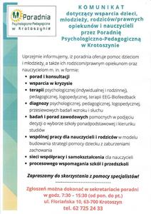 Środowiskowe Centrum Zdrowia Psychicznego dla Dzieci i Młodzieży w Krotoszynie oferuje pomoc i wsparcie: - psycholog/psychoterapeuta - I wizyta, po której jest decyzja z jakiej formy wsparcia dziecko może skorzystać: ( psycholog/psychoterapeuta, psychiatra dziecięcy, pedagog, logopeda/neurologopeda,...
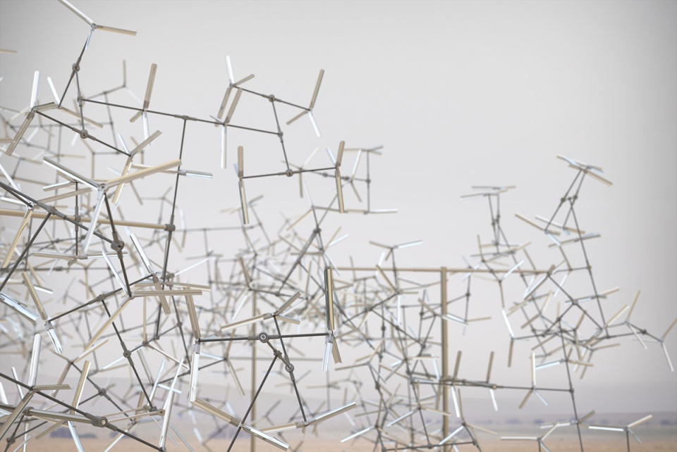 《Fractal Swarm》完全由风力驱动,持续回应不断变化的大气条件。各个单元自主地摆动、旋转与颤动,而整体形态则缓慢地重新组织。从远处观望,群体运动令人联想到飞鸟掠过天空时稍纵即逝的队形。
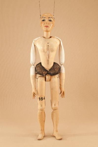 Testa di legno di tiglio fissata al corpo tramite ferro, occhi di vetro. Corpo normale in abete. Gambe unite al bacino tramite bordione in ferro, ginocchia ad incastro mobile. Mani mobili in tiglio con dita scolpite e separate.
################
## EXERCISE BRIEF:
An exact copy of the data is required, with the pictures excluded.

## ANSWER BOX:
 Środowiskowe Centrum Zdrowia Psychicznego dla Dzieci i Młodzieży w Krotoszynie oferuje pomoc i wsparcie: - psycholog/psychoterapeuta - I wizyta, po której jest decyzja z jakiej formy wsparcia dziecko może skorzystać: ( psycholog/psychoterapeuta, psychiatra dziecięcy, pedagog, logopeda/neurologopeda,...
 《Fractal Swarm》完全由风力驱动,持续回应不断变化的大气条件。各个单元自主地摆动、旋转与颤动,而整体形态则缓慢地重新组织。从远处观望,群体运动令人联想到飞鸟掠过天空时稍纵即逝的队形。
 Testa di legno di tiglio fissata al corpo tramite ferro, occhi di vetro. Corpo normale in abete. Gambe unite al bacino tramite bordione in ferro, ginocchia ad incastro mobile. Mani mobili in tiglio con dita scolpite e separate.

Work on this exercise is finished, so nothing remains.